Implementing Large Language Models from Scratch: The Learning and Practice Journey of the LLMPractice Project

This article introduces the LLMPractice project, an open-source project on GitHub by kelan5111. It aims to help learners gain an in-depth understanding of the working principles and implementation details of LLMs by implementing each component of a large language model through hands-on coding. The project adopts a 'learn-by-doing' approach, allowing learners to shift from calling APIs to mastering underlying mechanisms, laying the foundation for innovation. Original project link: https://github.com/kelan5111/LLMPractice, published on May 29, 2026.

Large language models like GPT and Claude have become popular technologies in the AI field, but they remain a 'black box' for most learners. The LLMPractice project helps learners through a combination of reading textbooks and hands-on code implementation:

1. Gain an in-depth understanding of core concepts such as attention mechanisms and Transformer architecture
2. Master model training techniques and engineering practices
3. Develop an intuitive understanding of model behavior
4. Lay the foundation for future innovation This 'learn-by-doing' method is a classic path to understanding complex technologies.
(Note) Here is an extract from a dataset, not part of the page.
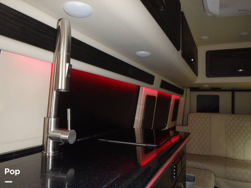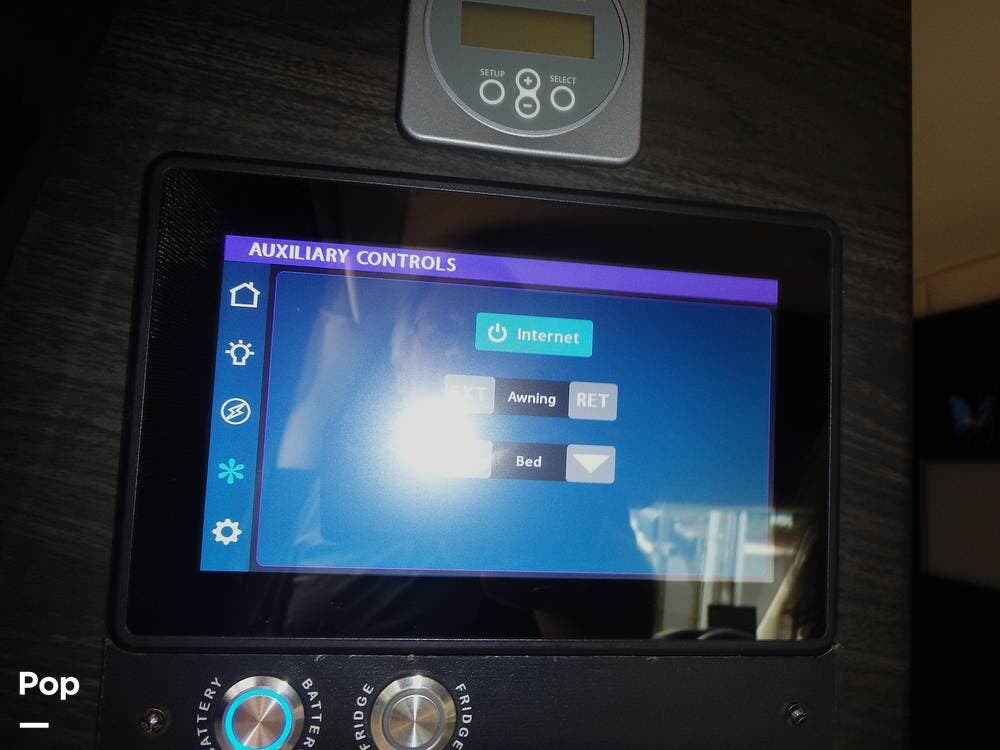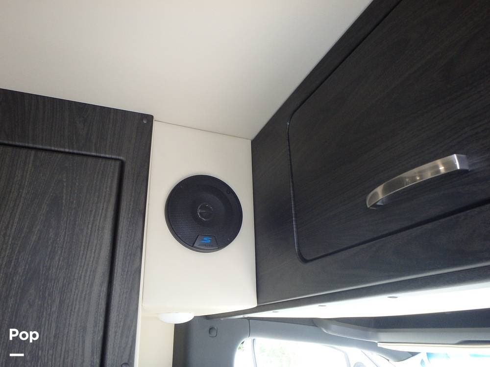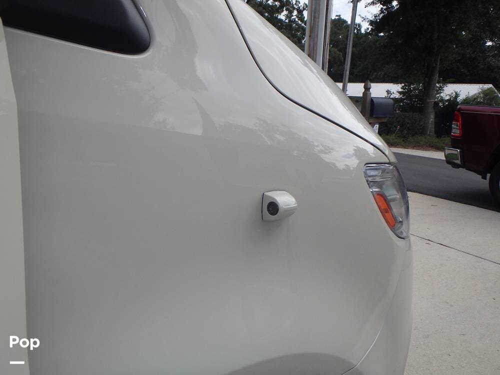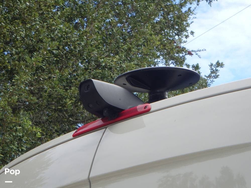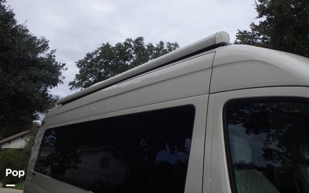 On the outside, it includes tinted side and rear windows, a power awning with LED lighting, a backup camera system, aluminum wheels, color-matched moldings, an exterior shower, and a roof-top solar charging system.

A complete LLM consists of multiple key components. The project covers the following implementation content:

1. Word Embedding

Convert text symbols into continuous vectors, including One-hot encoding, dense embedding, positional encoding, and subword tokenization (BPE, etc.)

2. Attention Mechanism

The core of Transformer, including self-attention, multi-head attention, scaled dot-product attention, and masked attention

3. Transformer Architecture

Composed of encoder/decoder, including feed-forward networks, layer normalization, residual connections, and Dropout

4. Training Process

Data preparation (corpus cleaning, tokenization), training loop (forward/backward propagation, optimizer), training techniques (gradient clipping, mixed precision)

5. Inference Generation

Greedy decoding, random sampling, Temperature adjustment, Top-k/Top-p sampling

Recommended learning path to follow the project:

Stage 1: Basic Preparation

Review deep learning fundamentals (PyTorch/TensorFlow), understand neural network forward/backward propagation, and familiarize yourself with NLP basics

Stage 2: Core Implementation

Start with n-gram models → word embedding layer → attention mechanism → assemble Transformer layers

Stage 3: Training and Optimization

Prepare small-scale datasets → implement training loops and evaluation → debug and optimize performance → experiment with hyperparameters

Stage 4: Expansion and Deepening

Read classic papers (GPT, BERT) → compare with official implementations → add new features (LoRA, quantization) → participate in community discussions

Resources referenced by the project: Textbooks:

• Deep Learning (Goodfellow et al.)
• Dive into Deep Learning (Li Mu)
• Natural Language Processing with Transformers (Hugging Face) Papers:
• Attention Is All You Need
• GPT-1/2 papers
• Llama papers Online Resources:
• Andrej Karpathy's 'Let’s build GPT from scratch' video
• Hugging Face Transformers source code
• PyTorch official tutorials

Common challenges and solutions encountered during LLM implementation:

Numerical Stability

Problem: Gradient vanishing/explosion → Solutions: Layer normalization, residual connections, gradient clipping, weight initialization

Memory Limitations

Problem: Insufficient GPU memory → Solutions: Gradient accumulation, mixed precision training, checkpointing activations, parallel training

Training Efficiency

Problem: Long training time → Solutions: GPU/TPU, optimized data loading, distributed training, PyTorch 2.0 compilation

Value of the LLMPractice project:

1. Lower learning barriers by providing runnable code
2. Promote knowledge dissemination; open-source sharing benefits more people
3. Cultivate engineering capabilities through complete training from theory to practice
4. Stimulate innovation; understanding the underlying layers makes it easier to propose improvements Summary suggestions: Follow the project to reproduce step by step, read relevant textbooks and papers, be brave to experiment and debug, and participate in community discussions. Remember: The insights gained from implementing an LLM by hand (even a simple one) far exceed those from using ready-made models.